As Bryant’s letter to Castro noted, Title IX prohibits educational institutions receiving federal funds from eliminating women’s teams for which interest, ability, and competition are available unless “intercollegiate level participation opportunities for male and female students are provided in numbers substantially proportionate to their respective enrollments.” Fresno State fails that test, according to the firm.
According to the most recent publicly available Equity in Athletics Disclosure Act data Fresno State submitted and verified to the U.S. Department of Education, in the 2018-2019 academic year, the school had an undergraduate population of 11,518 women and 7,828 men. So undergraduate enrollment was 59.54% women. The school’s intercollegiate athletic teams had 256 men and 323 women, or 55.79% women—creating a 3.75% gap between the women’s undergraduate enrollment rate and their intercollegiate athletic participation rate. Given the number of men on the varsity teams, Fresno State would have needed to add at least 54 women to its athletic program to be providing equitable participation opportunities for women. But Fresno State is eliminating opportunities for women, not adding them.

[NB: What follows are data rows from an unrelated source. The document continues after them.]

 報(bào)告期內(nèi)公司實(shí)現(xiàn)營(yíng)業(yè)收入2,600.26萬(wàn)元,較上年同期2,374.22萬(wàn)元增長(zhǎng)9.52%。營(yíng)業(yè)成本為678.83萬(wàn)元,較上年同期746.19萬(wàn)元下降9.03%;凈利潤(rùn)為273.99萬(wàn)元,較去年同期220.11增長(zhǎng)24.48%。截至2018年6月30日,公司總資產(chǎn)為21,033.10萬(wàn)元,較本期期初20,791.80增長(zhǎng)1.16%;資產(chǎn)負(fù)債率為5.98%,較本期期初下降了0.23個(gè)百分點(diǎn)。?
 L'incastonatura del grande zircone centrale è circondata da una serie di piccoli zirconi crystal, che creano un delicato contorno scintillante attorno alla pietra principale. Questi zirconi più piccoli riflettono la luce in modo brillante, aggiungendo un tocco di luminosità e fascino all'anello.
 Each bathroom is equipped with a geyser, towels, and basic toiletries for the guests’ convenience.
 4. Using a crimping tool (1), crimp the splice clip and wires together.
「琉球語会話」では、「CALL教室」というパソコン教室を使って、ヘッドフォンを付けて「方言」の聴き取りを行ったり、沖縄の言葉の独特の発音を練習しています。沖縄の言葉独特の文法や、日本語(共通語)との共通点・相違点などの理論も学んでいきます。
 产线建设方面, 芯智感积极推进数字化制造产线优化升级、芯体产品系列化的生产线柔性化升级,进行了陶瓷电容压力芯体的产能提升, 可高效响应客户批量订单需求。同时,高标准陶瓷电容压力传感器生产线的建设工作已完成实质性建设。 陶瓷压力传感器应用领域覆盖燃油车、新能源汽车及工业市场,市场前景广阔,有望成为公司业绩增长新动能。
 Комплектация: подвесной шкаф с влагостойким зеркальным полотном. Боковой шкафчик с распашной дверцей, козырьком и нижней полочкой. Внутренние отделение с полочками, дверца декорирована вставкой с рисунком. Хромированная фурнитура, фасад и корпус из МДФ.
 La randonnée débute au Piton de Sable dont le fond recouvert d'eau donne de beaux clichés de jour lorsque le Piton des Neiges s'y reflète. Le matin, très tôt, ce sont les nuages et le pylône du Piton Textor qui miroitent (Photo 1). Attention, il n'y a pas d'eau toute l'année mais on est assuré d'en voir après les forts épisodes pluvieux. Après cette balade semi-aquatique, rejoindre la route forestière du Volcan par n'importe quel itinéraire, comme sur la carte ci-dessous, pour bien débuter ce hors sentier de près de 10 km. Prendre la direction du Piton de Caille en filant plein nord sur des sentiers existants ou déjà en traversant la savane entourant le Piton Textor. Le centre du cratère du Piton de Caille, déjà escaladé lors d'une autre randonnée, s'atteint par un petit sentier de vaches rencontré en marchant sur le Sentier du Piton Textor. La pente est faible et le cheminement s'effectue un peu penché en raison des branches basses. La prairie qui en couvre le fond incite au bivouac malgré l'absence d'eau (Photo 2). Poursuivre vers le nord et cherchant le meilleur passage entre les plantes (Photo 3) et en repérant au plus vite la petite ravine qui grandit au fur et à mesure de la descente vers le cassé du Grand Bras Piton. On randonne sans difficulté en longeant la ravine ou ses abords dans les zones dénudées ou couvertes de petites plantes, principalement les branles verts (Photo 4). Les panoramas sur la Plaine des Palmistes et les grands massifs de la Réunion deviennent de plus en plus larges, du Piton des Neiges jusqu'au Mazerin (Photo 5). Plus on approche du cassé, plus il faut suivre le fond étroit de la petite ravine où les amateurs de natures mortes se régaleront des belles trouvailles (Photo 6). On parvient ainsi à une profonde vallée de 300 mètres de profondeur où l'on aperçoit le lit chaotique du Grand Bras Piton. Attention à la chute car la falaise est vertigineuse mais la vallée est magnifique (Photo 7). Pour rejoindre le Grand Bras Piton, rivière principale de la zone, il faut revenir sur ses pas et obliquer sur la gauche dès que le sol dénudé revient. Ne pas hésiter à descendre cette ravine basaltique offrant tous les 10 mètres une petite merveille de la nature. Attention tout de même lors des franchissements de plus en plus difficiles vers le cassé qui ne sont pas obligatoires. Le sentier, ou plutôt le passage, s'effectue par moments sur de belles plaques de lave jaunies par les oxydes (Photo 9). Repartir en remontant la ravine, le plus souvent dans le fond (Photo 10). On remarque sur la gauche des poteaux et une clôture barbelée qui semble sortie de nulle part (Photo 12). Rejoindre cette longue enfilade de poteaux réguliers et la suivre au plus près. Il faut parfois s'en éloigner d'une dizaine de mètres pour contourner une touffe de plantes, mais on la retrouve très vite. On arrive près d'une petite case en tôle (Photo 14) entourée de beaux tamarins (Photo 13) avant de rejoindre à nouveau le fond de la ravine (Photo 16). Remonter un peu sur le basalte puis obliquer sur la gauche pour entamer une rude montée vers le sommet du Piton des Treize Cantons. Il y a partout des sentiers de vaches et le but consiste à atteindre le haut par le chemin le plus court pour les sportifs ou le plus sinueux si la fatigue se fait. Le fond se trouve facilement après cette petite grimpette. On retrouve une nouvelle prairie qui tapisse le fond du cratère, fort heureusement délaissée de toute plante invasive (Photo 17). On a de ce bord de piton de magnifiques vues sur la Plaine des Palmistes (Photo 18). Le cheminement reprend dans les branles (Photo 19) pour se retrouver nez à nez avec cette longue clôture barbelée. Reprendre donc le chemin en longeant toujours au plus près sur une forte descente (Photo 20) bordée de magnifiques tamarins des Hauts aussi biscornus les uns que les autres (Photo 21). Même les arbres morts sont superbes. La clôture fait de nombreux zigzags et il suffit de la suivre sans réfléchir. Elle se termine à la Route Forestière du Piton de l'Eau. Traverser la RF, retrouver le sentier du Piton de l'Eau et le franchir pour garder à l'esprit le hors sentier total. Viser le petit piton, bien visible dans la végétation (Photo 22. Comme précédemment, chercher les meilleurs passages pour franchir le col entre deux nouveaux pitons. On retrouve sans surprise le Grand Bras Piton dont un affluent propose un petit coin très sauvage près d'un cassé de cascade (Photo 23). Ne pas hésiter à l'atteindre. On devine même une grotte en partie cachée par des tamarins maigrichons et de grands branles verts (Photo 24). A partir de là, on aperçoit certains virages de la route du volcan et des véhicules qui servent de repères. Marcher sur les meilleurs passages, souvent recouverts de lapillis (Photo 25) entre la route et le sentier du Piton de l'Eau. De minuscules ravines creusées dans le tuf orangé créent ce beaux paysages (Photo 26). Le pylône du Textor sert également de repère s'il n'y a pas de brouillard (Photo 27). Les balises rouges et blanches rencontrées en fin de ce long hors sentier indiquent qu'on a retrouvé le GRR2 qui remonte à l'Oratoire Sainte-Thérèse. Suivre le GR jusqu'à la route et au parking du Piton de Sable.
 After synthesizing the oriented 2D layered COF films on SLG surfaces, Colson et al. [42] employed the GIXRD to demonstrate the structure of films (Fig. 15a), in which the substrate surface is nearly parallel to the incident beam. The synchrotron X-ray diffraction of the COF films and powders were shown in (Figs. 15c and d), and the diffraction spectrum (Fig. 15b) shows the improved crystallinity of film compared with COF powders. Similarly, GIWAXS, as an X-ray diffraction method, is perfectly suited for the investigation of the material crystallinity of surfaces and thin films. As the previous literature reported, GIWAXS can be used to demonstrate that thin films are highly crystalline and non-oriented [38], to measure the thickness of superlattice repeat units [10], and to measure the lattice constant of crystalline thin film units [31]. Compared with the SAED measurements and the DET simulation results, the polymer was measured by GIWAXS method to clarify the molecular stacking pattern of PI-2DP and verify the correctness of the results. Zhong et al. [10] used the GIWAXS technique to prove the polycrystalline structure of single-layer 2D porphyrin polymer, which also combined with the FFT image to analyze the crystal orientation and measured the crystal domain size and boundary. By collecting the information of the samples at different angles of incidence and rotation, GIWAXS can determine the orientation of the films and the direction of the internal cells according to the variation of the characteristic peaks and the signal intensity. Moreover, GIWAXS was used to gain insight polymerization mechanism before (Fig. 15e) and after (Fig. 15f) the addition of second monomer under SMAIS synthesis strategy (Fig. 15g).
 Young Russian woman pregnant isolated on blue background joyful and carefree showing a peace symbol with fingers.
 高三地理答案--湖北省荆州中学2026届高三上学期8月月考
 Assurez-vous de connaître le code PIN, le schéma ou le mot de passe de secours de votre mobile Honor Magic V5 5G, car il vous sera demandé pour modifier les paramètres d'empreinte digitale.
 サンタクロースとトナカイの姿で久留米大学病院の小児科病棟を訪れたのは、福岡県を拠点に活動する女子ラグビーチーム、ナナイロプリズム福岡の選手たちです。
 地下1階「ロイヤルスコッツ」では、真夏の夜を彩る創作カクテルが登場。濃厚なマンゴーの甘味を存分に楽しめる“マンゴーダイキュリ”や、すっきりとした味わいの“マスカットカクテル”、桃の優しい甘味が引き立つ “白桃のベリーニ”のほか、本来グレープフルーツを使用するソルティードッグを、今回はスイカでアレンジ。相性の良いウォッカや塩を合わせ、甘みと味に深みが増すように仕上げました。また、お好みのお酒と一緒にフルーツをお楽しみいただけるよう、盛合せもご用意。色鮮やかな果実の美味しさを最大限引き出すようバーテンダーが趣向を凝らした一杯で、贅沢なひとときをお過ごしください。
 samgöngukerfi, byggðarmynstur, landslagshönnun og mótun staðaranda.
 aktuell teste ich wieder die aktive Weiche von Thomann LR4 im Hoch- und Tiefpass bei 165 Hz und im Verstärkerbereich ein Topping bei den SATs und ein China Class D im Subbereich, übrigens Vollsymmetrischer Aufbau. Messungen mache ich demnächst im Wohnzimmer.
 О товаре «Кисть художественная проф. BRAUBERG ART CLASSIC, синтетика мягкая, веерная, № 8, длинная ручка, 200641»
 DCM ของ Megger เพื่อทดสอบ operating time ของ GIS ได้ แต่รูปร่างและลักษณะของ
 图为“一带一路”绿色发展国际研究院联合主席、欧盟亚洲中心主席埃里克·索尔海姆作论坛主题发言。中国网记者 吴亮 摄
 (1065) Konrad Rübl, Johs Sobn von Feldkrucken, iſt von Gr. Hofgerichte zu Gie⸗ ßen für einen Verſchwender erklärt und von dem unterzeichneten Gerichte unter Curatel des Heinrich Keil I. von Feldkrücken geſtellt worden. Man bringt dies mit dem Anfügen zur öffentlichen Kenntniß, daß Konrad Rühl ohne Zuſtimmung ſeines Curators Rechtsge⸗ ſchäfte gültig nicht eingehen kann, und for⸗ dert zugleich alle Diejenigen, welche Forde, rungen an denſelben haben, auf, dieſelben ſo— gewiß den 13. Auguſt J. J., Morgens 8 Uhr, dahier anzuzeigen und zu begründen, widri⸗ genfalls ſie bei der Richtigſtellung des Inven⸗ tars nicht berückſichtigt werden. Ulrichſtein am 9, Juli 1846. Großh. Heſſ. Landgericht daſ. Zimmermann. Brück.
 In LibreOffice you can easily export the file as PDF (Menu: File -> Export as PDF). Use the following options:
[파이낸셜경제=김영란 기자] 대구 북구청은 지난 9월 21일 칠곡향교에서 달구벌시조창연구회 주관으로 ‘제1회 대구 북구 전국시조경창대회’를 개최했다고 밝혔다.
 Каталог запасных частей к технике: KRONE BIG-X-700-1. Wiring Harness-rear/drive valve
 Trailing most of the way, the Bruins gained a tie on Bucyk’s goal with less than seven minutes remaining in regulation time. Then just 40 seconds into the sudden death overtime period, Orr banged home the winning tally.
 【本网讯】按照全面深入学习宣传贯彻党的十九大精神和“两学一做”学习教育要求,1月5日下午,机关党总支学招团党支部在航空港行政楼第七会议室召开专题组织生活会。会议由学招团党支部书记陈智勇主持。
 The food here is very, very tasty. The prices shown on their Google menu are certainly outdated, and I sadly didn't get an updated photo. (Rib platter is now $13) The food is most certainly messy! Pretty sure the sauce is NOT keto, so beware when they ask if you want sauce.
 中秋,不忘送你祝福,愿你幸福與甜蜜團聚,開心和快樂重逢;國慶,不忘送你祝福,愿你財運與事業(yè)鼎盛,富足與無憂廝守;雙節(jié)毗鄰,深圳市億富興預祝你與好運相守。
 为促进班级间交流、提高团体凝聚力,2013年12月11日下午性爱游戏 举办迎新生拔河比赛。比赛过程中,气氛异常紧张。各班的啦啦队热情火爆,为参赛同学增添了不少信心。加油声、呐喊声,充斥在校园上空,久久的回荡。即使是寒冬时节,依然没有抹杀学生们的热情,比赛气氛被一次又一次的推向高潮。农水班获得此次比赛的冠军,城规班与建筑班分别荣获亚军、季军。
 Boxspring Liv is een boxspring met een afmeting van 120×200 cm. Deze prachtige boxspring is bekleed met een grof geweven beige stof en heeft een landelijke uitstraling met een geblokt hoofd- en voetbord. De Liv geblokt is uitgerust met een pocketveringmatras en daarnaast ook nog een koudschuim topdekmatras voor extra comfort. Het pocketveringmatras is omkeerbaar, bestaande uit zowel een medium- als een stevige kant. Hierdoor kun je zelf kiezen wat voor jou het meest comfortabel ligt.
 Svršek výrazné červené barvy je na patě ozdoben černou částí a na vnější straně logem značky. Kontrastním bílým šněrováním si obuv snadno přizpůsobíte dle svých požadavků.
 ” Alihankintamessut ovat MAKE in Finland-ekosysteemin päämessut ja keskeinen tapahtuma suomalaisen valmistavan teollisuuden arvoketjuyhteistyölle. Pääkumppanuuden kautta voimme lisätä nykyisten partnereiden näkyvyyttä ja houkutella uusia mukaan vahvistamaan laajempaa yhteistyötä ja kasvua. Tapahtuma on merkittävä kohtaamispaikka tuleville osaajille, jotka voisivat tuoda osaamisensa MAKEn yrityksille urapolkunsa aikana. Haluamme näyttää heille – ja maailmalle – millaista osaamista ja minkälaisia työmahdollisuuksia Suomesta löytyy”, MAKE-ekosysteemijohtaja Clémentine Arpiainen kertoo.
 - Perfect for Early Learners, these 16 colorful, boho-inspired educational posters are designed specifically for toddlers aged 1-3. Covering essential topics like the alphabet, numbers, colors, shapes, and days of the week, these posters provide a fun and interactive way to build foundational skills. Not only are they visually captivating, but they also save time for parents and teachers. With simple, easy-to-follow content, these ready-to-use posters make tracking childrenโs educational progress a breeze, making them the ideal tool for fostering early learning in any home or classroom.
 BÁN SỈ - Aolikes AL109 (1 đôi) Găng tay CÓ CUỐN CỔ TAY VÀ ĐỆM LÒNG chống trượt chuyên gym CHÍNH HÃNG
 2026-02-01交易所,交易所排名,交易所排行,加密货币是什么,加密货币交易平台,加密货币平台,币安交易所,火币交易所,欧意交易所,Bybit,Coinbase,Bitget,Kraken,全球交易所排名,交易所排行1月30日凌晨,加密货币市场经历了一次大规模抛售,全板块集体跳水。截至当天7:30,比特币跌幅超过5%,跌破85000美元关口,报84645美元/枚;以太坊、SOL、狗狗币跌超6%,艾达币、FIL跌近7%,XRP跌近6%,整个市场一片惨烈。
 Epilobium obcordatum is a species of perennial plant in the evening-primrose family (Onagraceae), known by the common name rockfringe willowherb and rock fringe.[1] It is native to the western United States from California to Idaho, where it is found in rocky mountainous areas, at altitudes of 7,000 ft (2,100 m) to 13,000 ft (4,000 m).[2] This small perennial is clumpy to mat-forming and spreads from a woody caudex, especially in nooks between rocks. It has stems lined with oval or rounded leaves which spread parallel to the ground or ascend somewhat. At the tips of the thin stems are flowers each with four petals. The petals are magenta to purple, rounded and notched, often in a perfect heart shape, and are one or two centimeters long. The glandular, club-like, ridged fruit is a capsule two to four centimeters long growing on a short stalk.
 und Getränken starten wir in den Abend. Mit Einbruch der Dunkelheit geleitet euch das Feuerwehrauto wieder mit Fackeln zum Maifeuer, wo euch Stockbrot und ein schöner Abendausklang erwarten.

Based on that data, with the elimination of the teams announced on October 16, 2020, the school’s athletic participation numbers will drop to approximately 221 men and 295 women, or 57.17% women—which still leaves a 2.37% gap. Therefore, even with the announced team eliminations, Fresno State would need to add approximately 30 women to reach gender equity under Title IX. This is almost exactly the number of athletes on the women’s lacrosse team the school is eliminating.
In addition to Bryant, the women are represented by Bailey Glasser’s Cary Joshi, Joshua Hammack, Britney Littles, and Elliott McGraw in Washington, DC, Ben Hogan in Morgantown, WV, Sharon Iskra and Laura Babiak in Charleston, WV, and Nicole Ballante in St. Peterburg, FL, along with co-counsel Michael Caddell, Cynthia Chapman, and Amy Tabor of Caddell & Chapman in Houston, TX, and Monterey, CA.
The named defendants are Fresno State, Athletic Director Terrence Tumey, Past President Joseph Castro, and Interim President Dr. Saul Jimenez-Sandoval.